Situationsbeschreibung: Übergriff in einem Jobcenter
Die Polizei wird informiert. Nach einigen Minuten klingelt in dem Jobcenter das Telefon. Die Polizei meldet sich, weil sie das Jobcenter leider nicht finden kann.
Die Bewertung der Bedrohungssituation sollte natürlich auch nicht aus einem "Bauchgefühl" heraus erfolgen. Im optimalen Fall erfolgen eine fundierte Bewertung der Situation mittels Befragung der Mitarbeiter, eine Begehung der Arbeitsplätze und eine Analyse der Kranken- und Unfallstatistik. Um eine adäquate Bewertung der Situation und die angemessene Ableitung der Maßnahmen zu gewährleisten, ist es sinnvoll, Strukturen innerhalb des Unternehmens zu etablieren (Steuerkreise, Arbeitskreise), welche die Kontinuität der Situationsanalyse und der Maßnahmenumsetzung sicherstellen können.

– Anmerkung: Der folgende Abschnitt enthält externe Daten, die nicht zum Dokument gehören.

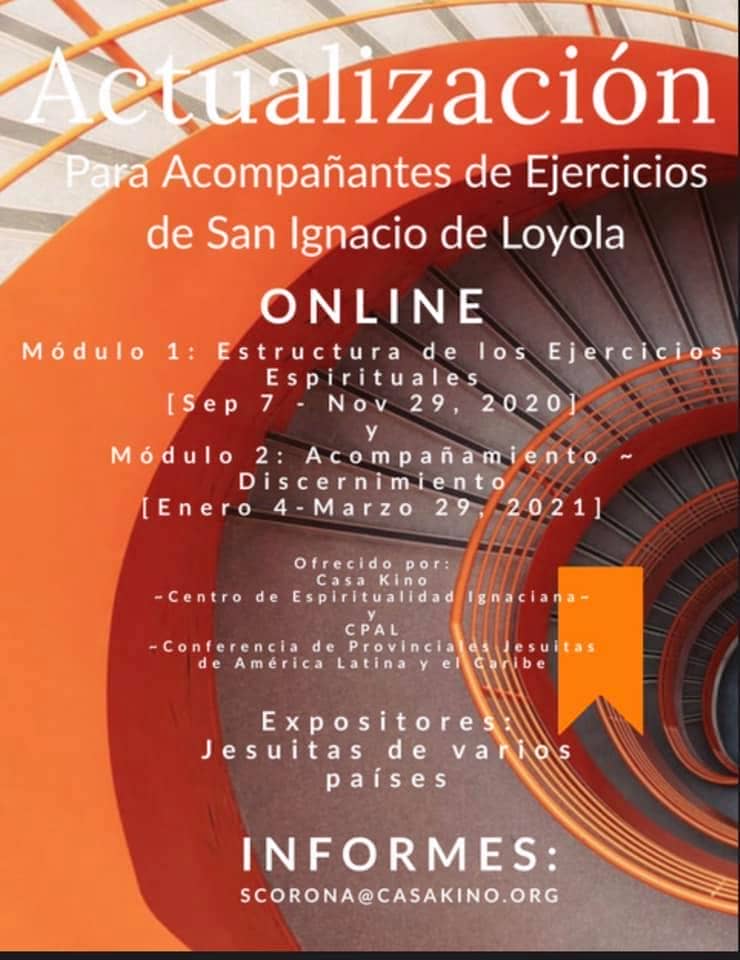 A lo largo y ancho del mundo hay muchos acompañantes de ejercicios espirituales que llevan un tiempo sirviendo a la comunidad, a la Iglesia y a la Compañía a través de este trabajo de acompañar a otros en la experiencia de los ejercicios, por lo que la Casa Kino, el Centro Ignaciano de Espiritualidad de San Diego, California y la CPAL (Conferencia de Provinciales de América Latina y del Caribe) ofrecen completamente en línea el curso de 'Actualización para acompañantes de EE de San Ignacio de Loyola" que iniciará en el mes de septiembre de del presente año.
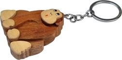 Odkryj naturalne piękno z drewnianym brelokiem w kształcie małpki, który jest ręcznie wykonany z nawet pięciu gatunków drewna: żółtego chlebowca różnolistnego, jasno-brązowego tamaryndowca malajskiego, ciemnobrązowej kasji zwyczajnej, różowej aniby oraz białej gmeliny arborealnej. Ręcznie domalowywany, jedynie drewno ma naturalny, niefarbowany kolor.
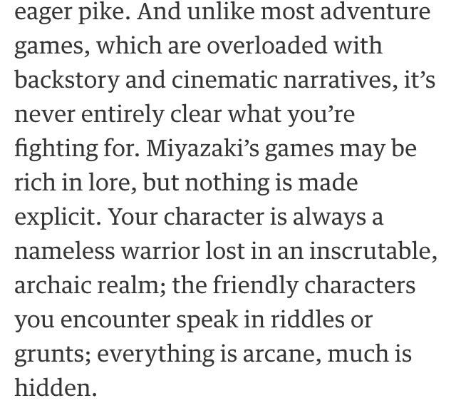 I talked about this a bit on the stream. From this interview w/ BB's director by @SimonParkin: http://www.theguardian.com/technology/2015/mar/31/bloodborne-dark-souls-creator-hidetaka-miyazaki-interview …pic.twitter.com/IED55ihmFZ
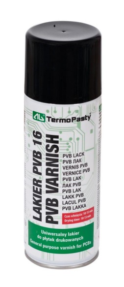 Szybkoschnąca przezroczysta powłoka PVB o dobrych właściwościach izolacyjnych. Zabezpiecza przed korozją płytki drukowane i inne elementy pracujące w niesprzyjających warunkach atmosferycznych. Powłoka chroni płytki drukowane przed powstawaniem prądów błądzących i zwarć. WŁAŚCIWOŚCI: Tworzy zabezpieczającą i izolującą warstwę chroniącą przed wpływami atmosferycznymi takimi jak: wilgoć, utlenianie, pyły, zanieczyszczenia chemiczne; Dobrze przylega do powierzchni metalowych, plastikowych i drewna; Tworzy powłokę odporną na rozcieńczone kwasy, alkalia i czynniki atmosferyczne; Możliwe jest lutowanie przez warstwę lakieru; Zapobiega iskrzeniu i wyładowaniom koronowym; Ogranicza przebicia miedzy ścieżkami; Nie zmienia przejrzystości i elastyczności nawet po długim czasie; Zakres temperatur stosowania: od -40°C +60°C. Temperatura pracy -50°C +150°C. Temperatura zapłonu +380°C.
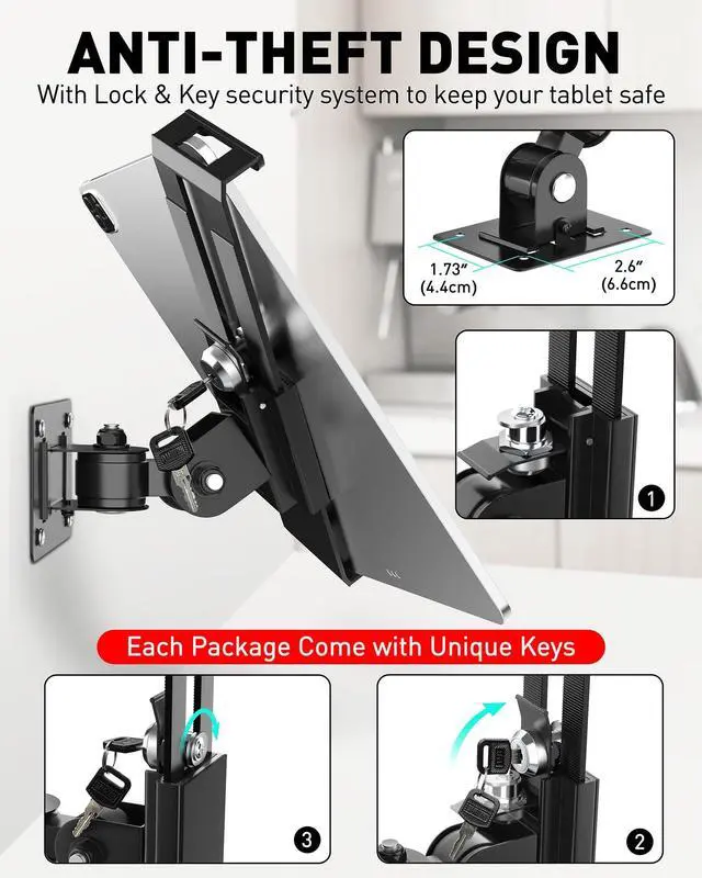 Great for indoor and outdoor use. ^^ Anti-theft Locking Security System - With the AboveTEK tablet holder wall mount you'll enjoy total safety and peace of mind with our anti-theft lock & key security system. This keeps YOUR tablet protected at all times and unable to be removed from the mount without a key. Ideal for customer-facing businesses and high-traffic points of sale. ^^ Easy Mounting and Installation - The AboveTEK wall mount tablet holder is easy to install on any wall and comes with mounting hardware included. Heavy-duty aluminum bracket and metal base ensure durability and wobble-free mounting of your device.
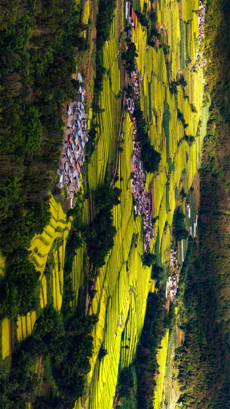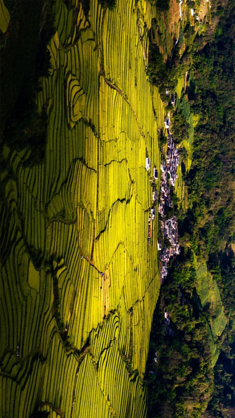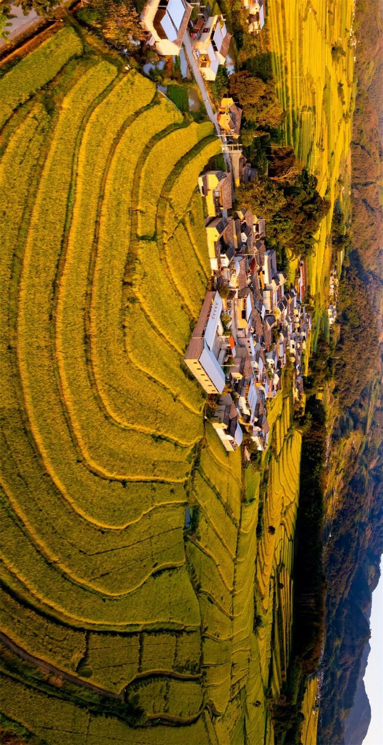 秋阳给每级田梯镀上暖光
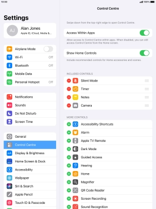 Select settings for Control Centre on your Apple iPad Air (2019) iPadOS 14.0
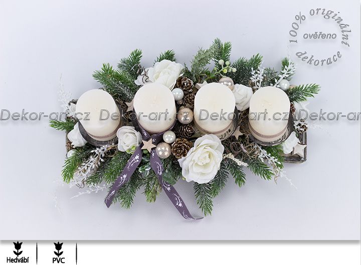 Adventní svícen z šedého proutí, bělený. Svícen ve tvaru oblouku je dekorovaný bílmi růžemi a zimními větvičkami. Kombinace hedvábných a pěnovch květů. Krásné větličky zasněženého smrku s šiškami a přírodní sušenou thilandsií dodávají této adventní dekoraci přírodní krásu.
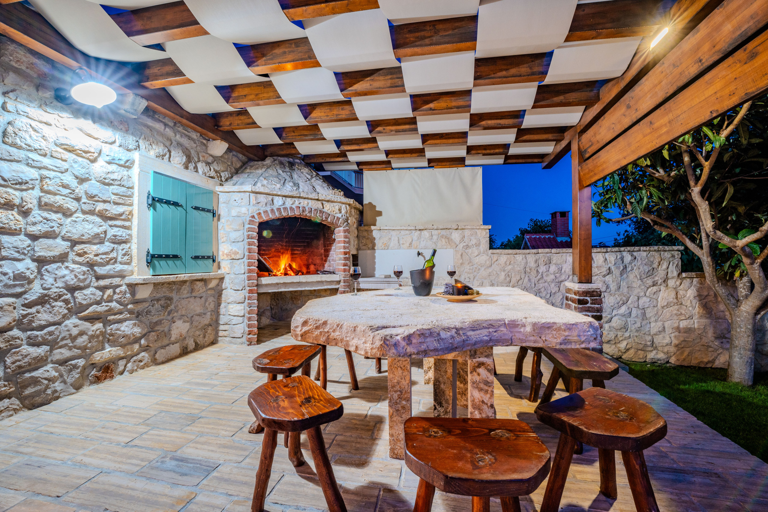 La villa incluye una cocina totalmente equipada, un amplio salón con asientos para diez personas y una acogedora chimenea que añade calidez y encanto. Para relajación y recreación, los huéspedes pueden disfrutar de tenis de mesa, bicicletas, un gimnasio interior y una sauna privada. Combinando elegancia rústica clásica con comodidades modernas, Villa Dumina muestra la arquitectura dálmata tradicional en todo su conjunto. Un punto destacado de la propiedad es su taberna dálmata tradicional, que cuenta con una chimenea de piedra y grandes puertas de vidrio, un entorno ideal para comidas compartidas y veladas inolvidables.

Im Folgenden sind einige technische und organisatorische Maßnahmen zur Gewaltprävention aufgeführt, die sich als Beispiele guter Praxis erwiesen haben:
- Anbringung der Raumnummer in den Büros (Standortangabe in Notfallsituationen)
- Ausreichende Beleuchtung im Flur- und Parkplatzbereich (Verbesserung des Sicherheitsgefühls)
- Besuchsleitsystem im Gebäude (z. B. farbige Markierung an Wänden und Böden)
- Begrenzung der Öffnungszeiten
- Arbeiten mit Terminvorgaben
- Erweiterung der Wartezone (Optimierung der Kundenfreundlichkeit)
- Freundlichere Gestaltung der Wartezone (z. B. helle Farben, Pflanzen, Kinderspielecken, ausreichende Sitzmöglichkeiten, mehrsprachiges Informationsmaterial)
- Aufrufsysteme (optische oder akustische Signale)
- Installation von Videotechnik (Monitore sowie Hinweisschilder)
- Farbliche Markierung der Notfalltasten auf der PC-Tastatur
- Austeilung von Personenschutzalarmgeräten (Akustische Alarmierung in Notfallsituationen)
- Installation eines 2-stufigen Alarmierungssystems, das leichte Bedrohungen von schweren Übergriffen, bei denen ein Polizeieinsatz notwendig ist, unterscheidet
- Verbindliche Absprachen bei auffälligen Personen oder Gegenständen.